Two years ago, on Aug. 7, 1993, Charlton walked to the mound in Texas - in a ballpark that no longer exists - and threw a pitch he will never forget. Not because of where it went, but because of what it did to his left arm.
That fastball cost the Seattle reliever the ulnar collateral ligament and sent him into nearly two seasons of baseball oblivion.
Charlton didn’t throw a pitch last season. He began the ‘95 season in the Philadelphia bullpen, and pitched badly enough - a 2-5 record, a 7.36 earned run average - to get released in July.

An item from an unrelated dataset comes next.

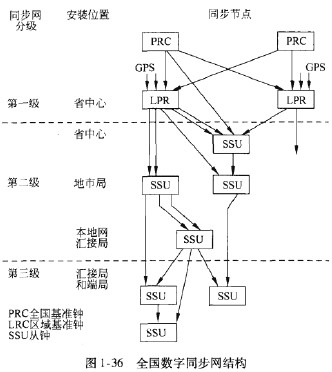 我國數字通信網采用等級主從同步方式,目前網同步的等級分為3級,全網按省、自治區、直轄市劃分為31個同步區,每個同步區設置一個一級基準源時鐘,下設二、三級同步節點時鐘,如圖1-36所示。
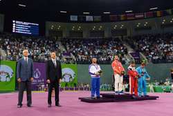 Затем состоялась церемония награждения в соревнованиях по греко-римской борьбе в весовой категории 75 килограммов.

“I watched him throw 10 pitches in a tryout at the Kingdome,” manager Lou Piniella said, “and I thought, ‘Damn, he throws the ball better than any left-hander we’ve got.’ So we signed him.”
As a long reliever.
“It never entered my mind he’d close games,” Piniella said. “But I loved him. I’ve had him on my teams four of the last five years. I love his attitude, his competitiveness, his heart. As a manager, you can’t protect your players - they run into fences, they get hurt sliding. But you want to protect your pitchers.
“I hurt for Norm when he went down. No one knew if he’d ever throw another pitch.”
Charlton’s comeback has been well-documented. His saves Thursday and Friday were his 13th and 14 of the season as a Mariner, and came in a city filled with bad memories.
“This was a game that was huge for us, one we needed,” he said, “and it meant a lot for me to be out there again. A day hasn’t gone by in the last two years I haven’t remembered walking off that mound in the old stadium here.”
Now Charlton wants to replace it with another moment. And he knows he’ll have to fight everybody in the Seattle bullpen to get it.
“When we win this thing, there’s going to be a pitcher on the bottom of the pile during that celebration,” he said. “One guy is going to get the final out. I want to be that guy, so I want a close game.
“I want to be the guy out there. So does Bobby Ayala, Bill Risley, Jeff Nelson - think what that moment would be like! For it to come here, where I got hurt, would be even sweeter.”
Charlton laughed. In truth, he knows he will be part of any celebration - if one comes - and will enjoy a Seattle pennant whether he is the man who throws the final pitch or not.